We did further investigation in the topic:
Requests were arriving to the server (found by running a tcpdump) but not answered by Apache
Apache error logs were showing that for the "not answered requests" Apache was crashing with a core dump. The following error was seen on the log:
AH00051: child pid 11419 exit signal Bus error (7)

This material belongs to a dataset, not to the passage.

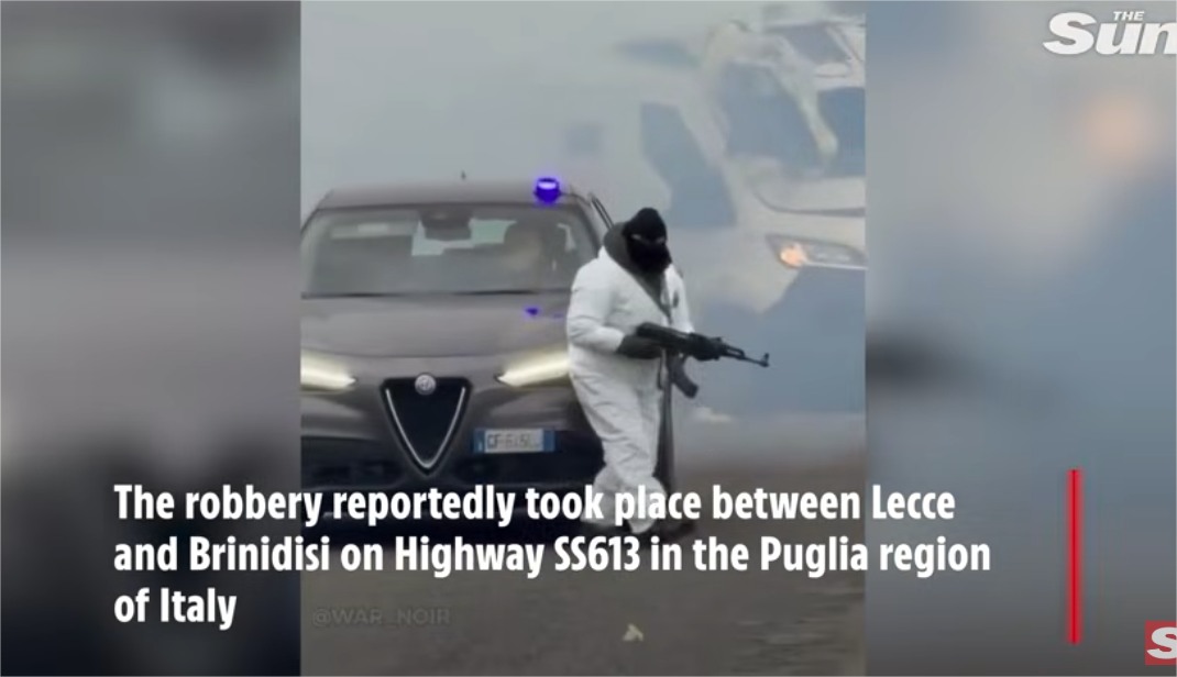 イタリアの高速道路で白昼堂々、映画ばりの現金輸送車襲撃強盗が発生

Core dump analysis was showing the following:
warning: Could not load shared library symbols for 4 libraries, e.g. /usr/lib/php5/20121212/sasl.so. Use the "info sharedlibrary" command to see the complete listing. Do you need "set solib-search-path" or "set sysroot"? [Thread debugging using libthread_db enabled] Using host libthread_db library "/lib/x86_64-linux-gnu/libthread_db.so.1". Core was generated by `/usr/sbin/apache2 -k start'. Program terminated with signal SIGBUS, Bus error. 0 lex_scan (zendlval=) at Zend/zend_language_scanner.c:1091 1091 Zend/zend_language_scanner.c: No such file or directory. (gdb)
After analyzing all this info we concluded that the issue was related to a PHP error as there was a concurrent access to a file from two different instances of the application. This access was not properly coordinated therefore, causing a crash.